Tracing Distributed Systems with OpenTelemetry: A Practical Guide for Node.js Developers

Learn how to trace requests across microservices using OpenTelemetry in Node.js for better debugging and performance insights.

Dec 21, 2025

Tracing Distributed Systems with OpenTelemetry: A Practical Guide for Node.js Developers

I’ve been thinking about distributed systems lately. Not the theory, but the reality. You build a service, then another, then ten more. Suddenly, a user reports an error. Which service failed? Where did the request slow down? The old logs are a sea of timestamps with no map. This is why I started looking at tracing. It’s not just a tool; it’s a way to see the story of a request as it travels through your entire system. Let’s build that map together.

Think of a request to load a user profile. It might hit an API gateway, then a user service, which calls a database and a separate payment service. Without tracing, each service logs in isolation. You see a database error in one log and a timeout in another, but connecting them is guesswork. How do you know they’re part of the same user’s failed request?

The answer is a trace. A trace is the full journey of a single operation. It’s made of spans, which are individual units of work, like a database query or an HTTP call. Spans are nested and linked, creating a timeline. This structure shows you the “what” and the “when” across service boundaries. It turns a pile of logs into a coherent narrative.

So, how do we start? We need a common language for our services to speak about traces. That’s where OpenTelemetry comes in. It’s a set of APIs, SDKs, and tools. It lets you generate, collect, and export telemetry data—traces, metrics, logs—in a standard way. The best part? You’re not locked into one vendor. You can send your data to Jaeger, Zipkin, or a cloud provider.

Let’s set it up for a Node.js service. First, install the packages.

npm install @opentelemetry/sdk-node @opentelemetry/auto-instrumentations-node @opentelemetry/exporter-trace-otlp-http

Now, create a tracing.js file. This initializes the OpenTelemetry SDK before your app starts. It’s crucial this runs first.

// tracing.js
const { NodeSDK } = require('@opentelemetry/sdk-node');
const { getNodeAutoInstrumentations } = require('@opentelemetry/auto-instrumentations-node');
const { OTLPTraceExporter } = require('@opentelemetry/exporter-trace-otlp-http');
const { Resource } = require('@opentelemetry/resources');
const { SemanticResourceAttributes } = require('@opentelemetry/semantic-conventions');

const resource = new Resource({
  [SemanticResourceAttributes.SERVICE_NAME]: 'user-service',
});

const traceExporter = new OTLPTraceExporter({
  url: 'http://localhost:4318/v1/traces',
});

const sdk = new NodeSDK({
  resource,
  traceExporter,
  instrumentations: [getNodeAutoInstrumentations()]
});

sdk.start();

In your main application file, import this tracing module at the very top.

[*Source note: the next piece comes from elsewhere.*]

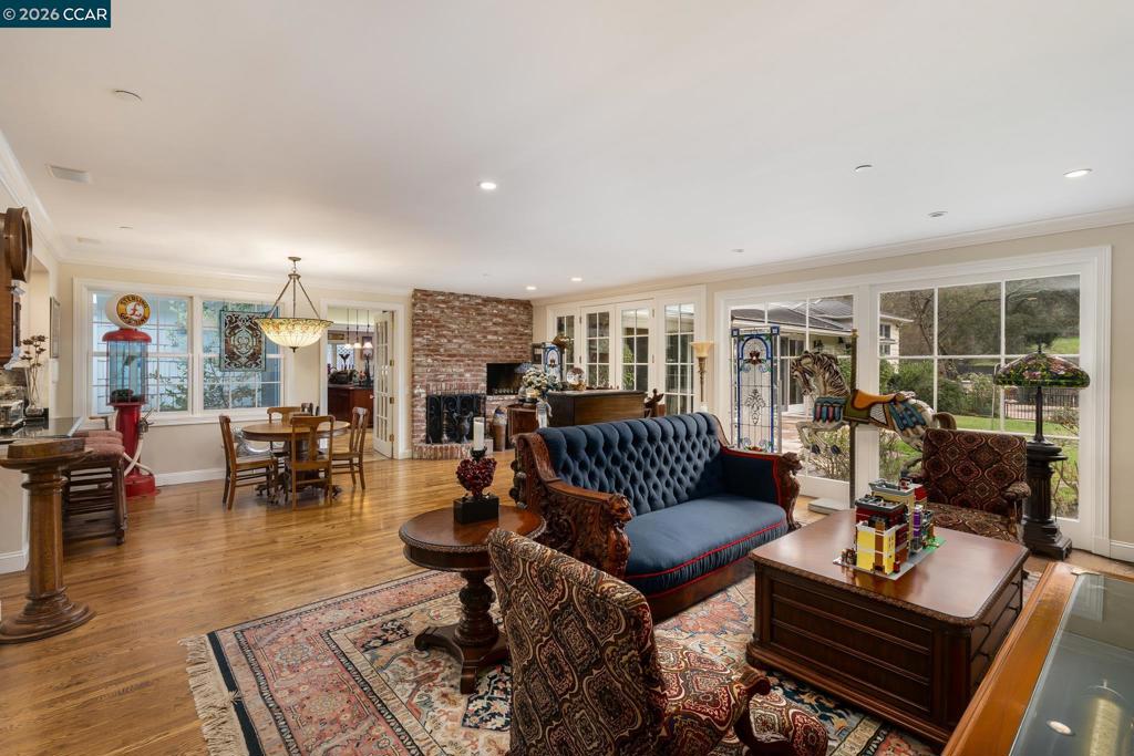 Ideally located near the entrance on one of the most coveted streets within the prestigious Diablo Country Club, this exceptional estate spans 1.44 acres of flat, park-like grounds, offering rare privacy, elegance, and resort-style living. A gated circular driveway creates commanding curb appeal, while the thoughtfully designed, predominantly single-level layout features two private wings – ideal for extended family or multigenerational living. The expansive floor plan includes two primary suites, two kitchens, two laundry rooms, an oversized great room, and a formal dining room, all enhanced by recent refinements including new carpet, sliding doors, updated systems, a backup generator, and a resurfaced pool. A four-car garage with a half bath adds exceptional functionality, while the private backyard oasis is an entertainer’s dream with an outdoor kitchen, fireplace, expansive lawn, greenhouse, and charming custom playhouse. Located near parks and recreation, within the highly acclaimed San Ramon Valley School District, and offering access to world-class golf, dining, and social amenities at Diablo Country Club, this is a rare opportunity to own a prestigious and beautifully upgraded estate.

// index.js - This must be the first line
require('./tracing');

const express = require('express');
const app = express();

app.get('/users/:id', async (req, res) => {
  // Your code here. HTTP calls will be auto-traced.
  res.json({ id: req.params.id });
});

app.listen(3000);

With just that, you have automatic instrumentation for incoming and outgoing HTTP calls. The SDK hooks into modules like http and express. It creates spans for each request, capturing details like the URL, method, and status code. But what about your own business logic?

Automatic instrumentation gives you the skeleton. For the muscle, you add custom spans. Let’s say your /users/:id endpoint calls a database and an external API. You want to see how long each takes.

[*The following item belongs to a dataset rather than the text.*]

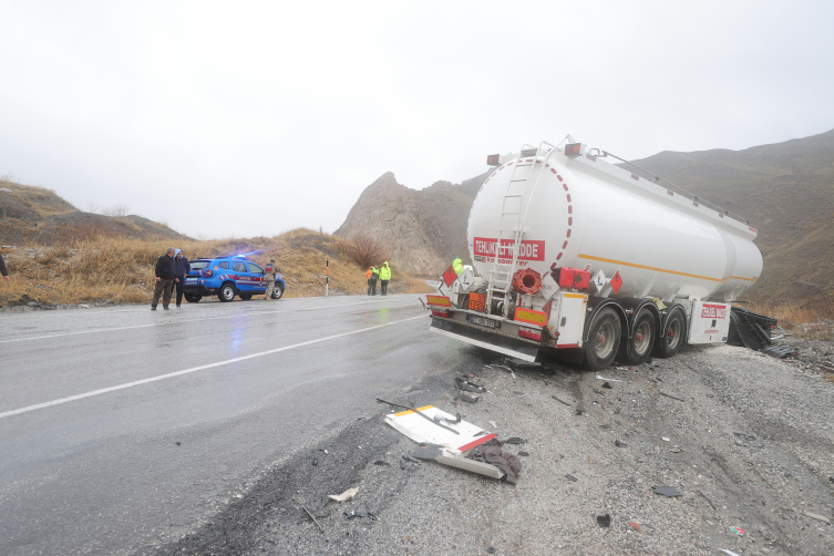 Hakkari-Van kara yolunun Sarıtaş köyü yakınlarında sürücülerinin ismi henüz öğrenilemeyen otobüs ile yakıt tankeri çarpıştı.

const opentelemetry = require('@opentelemetry/api');
const tracer = opentelemetry.trace.getTracer('user-service-tracer');

app.get('/users/:id', async (req, res) => {
  const userId = req.params.id;
  let user;

  // Start a custom span for the main business operation
  const span = tracer.startSpan('fetch-user-data');
  
  try {
    // Add useful details to the span
    span.setAttribute('user.id', userId);
    
    // This simulated database call is now a child span
    user = await fetchUserFromDB(userId, span);
    
    // And so is this external call
    await fetchUserProfilePicture(userId, span);
    
    span.setStatus({ code: opentelemetry.SpanStatusCode.OK });
    res.json(user);
  } catch (error) {
    // Record the error on the span
    span.recordException(error);
    span.setStatus({ code: opentelemetry.SpanStatusCode.ERROR });
    res.status(500).send('Error');
  } finally {
    // Always end the span
    span.end();
  }
});

async function fetchUserFromDB(userId, parentSpan) {
  // Start a child span for this specific operation
  const span = tracer.startSpan('database-query', {
    attributes: { 'db.query': 'SELECT * FROM users' }
  }, opentelemetry.trace.setSpan(opentelemetry.context.active(), parentSpan));

  await new Promise(resolve => setTimeout(resolve, 50)); // Simulate DB delay
  span.end();
  return { id: userId, name: 'Test User' };
}

See how we nest spans? The fetch-user-data span is the parent. The database-query span is its child. This creates a hierarchy in your trace view. But here’s a key question: when this service calls another, how does the trace continue there? The magic is in context propagation.

When Service A calls Service B, it must send the trace context. This is usually done via HTTP headers. OpenTelemetry handles this for you with auto-instrumentation. The outgoing request from Service A gets specific headers injected. Service B’s auto-instrumentation reads those headers and continues the same trace. The span in Service B becomes a child of the span in Service A that made the call. This links the entire chain, even across different technologies.

You need somewhere to send all this trace data to visualize it. Let’s use Jaeger, a popular open-source tool. Run it locally with Docker.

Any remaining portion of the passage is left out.